- Your task:
Your task is to transcribe all of the data below exactly, omitting the images.

- Data extract:
*** Begin section ***
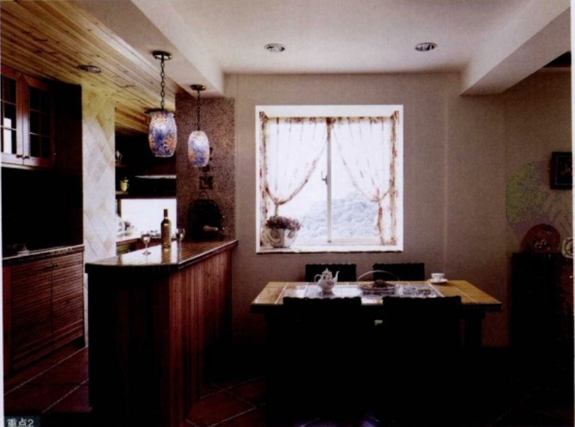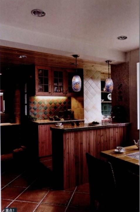 設(shè)計師以開放式的手法,引進(jìn)良好光線以及利用顏色搭配,打造環(huán)境優(yōu)美的居家。在公共空間,廚房、餐廳到客廳采用開放式設(shè)計,餐廳與廚房利用中島臺面作為分隔點,中島臺面的設(shè)計刻意調(diào)和了松木原色與粉紅色,營造出溫馨的氛圍。廚房的空間外推,將工作區(qū)域隱藏起來,而馬賽克磚、西班牙進(jìn)口陶磚的使用,都帶來極佳的裝飾效果,滿足女主人對于廚房的夢想。
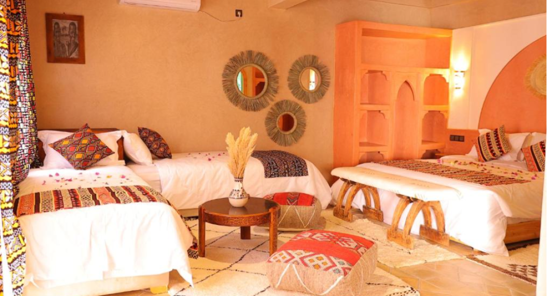 Die Unterkunft Riad Dar Susan – Authentic Stay in Zagora, die in Zagora gelegen ist, verfügt über einen Garten. Es gibt eine Terrasse und die Gäste können einen kostenlosen Privatparkplatz und kostenloses WLAN nutzen. Es gibt ein eigenes Badezimmer mit einer Dusche und kostenlosen Pflegeprodukten – mehrere Zimmer bieten den Gästen in der Unterkunft Riad Dar Susan – Authentic Stay in Zagora außerdem Stadtblick. Die Zimmer in der Unterkunft Riad Dar Susan – Authentic Stay in Zagora verfügen über Klimaanlage und einen Kleiderschrank. Beim Frühstück werden als Buffet angebotene, kontinentale oder vegetarische Optionen angeboten. Der nächstgelegene Flughafen ist der Flughafen Zagora, 17 km von der Unterkunft Riad Dar Susan – Authentic Stay in Zagora entfernt.
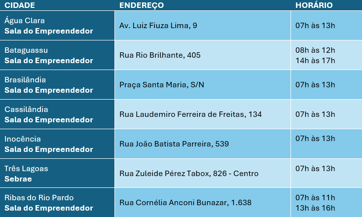 O Cidade Empreendedora é um programa executado pelo Sebrae/MS, em parceria com o Governo do Estado, por meio da Secretaria de Estado de Meio Ambiente, Desenvolvimento, Ciência, Tecnologia e Inovação (Semadesc), e com as administrações municipais de 36 cidades. Recebem o mutirão os municípios de Água Clara, Bataguassu, Brasilândia, Cassilândia, Inocência, Ribas do Rio Pardo e Três Lagoas, alcançando 14 mil MEIs ativos nessas localidades.
*** End section ***
- Task result:
 設(shè)計師以開放式的手法,引進(jìn)良好光線以及利用顏色搭配,打造環(huán)境優(yōu)美的居家。在公共空間,廚房、餐廳到客廳采用開放式設(shè)計,餐廳與廚房利用中島臺面作為分隔點,中島臺面的設(shè)計刻意調(diào)和了松木原色與粉紅色,營造出溫馨的氛圍。廚房的空間外推,將工作區(qū)域隱藏起來,而馬賽克磚、西班牙進(jìn)口陶磚的使用,都帶來極佳的裝飾效果,滿足女主人對于廚房的夢想。
 Die Unterkunft Riad Dar Susan – Authentic Stay in Zagora, die in Zagora gelegen ist, verfügt über einen Garten. Es gibt eine Terrasse und die Gäste können einen kostenlosen Privatparkplatz und kostenloses WLAN nutzen. Es gibt ein eigenes Badezimmer mit einer Dusche und kostenlosen Pflegeprodukten – mehrere Zimmer bieten den Gästen in der Unterkunft Riad Dar Susan – Authentic Stay in Zagora außerdem Stadtblick. Die Zimmer in der Unterkunft Riad Dar Susan – Authentic Stay in Zagora verfügen über Klimaanlage und einen Kleiderschrank. Beim Frühstück werden als Buffet angebotene, kontinentale oder vegetarische Optionen angeboten. Der nächstgelegene Flughafen ist der Flughafen Zagora, 17 km von der Unterkunft Riad Dar Susan – Authentic Stay in Zagora entfernt.
 O Cidade Empreendedora é um programa executado pelo Sebrae/MS, em parceria com o Governo do Estado, por meio da Secretaria de Estado de Meio Ambiente, Desenvolvimento, Ciência, Tecnologia e Inovação (Semadesc), e com as administrações municipais de 36 cidades. Recebem o mutirão os municípios de Água Clara, Bataguassu, Brasilândia, Cassilândia, Inocência, Ribas do Rio Pardo e Três Lagoas, alcançando 14 mil MEIs ativos nessas localidades.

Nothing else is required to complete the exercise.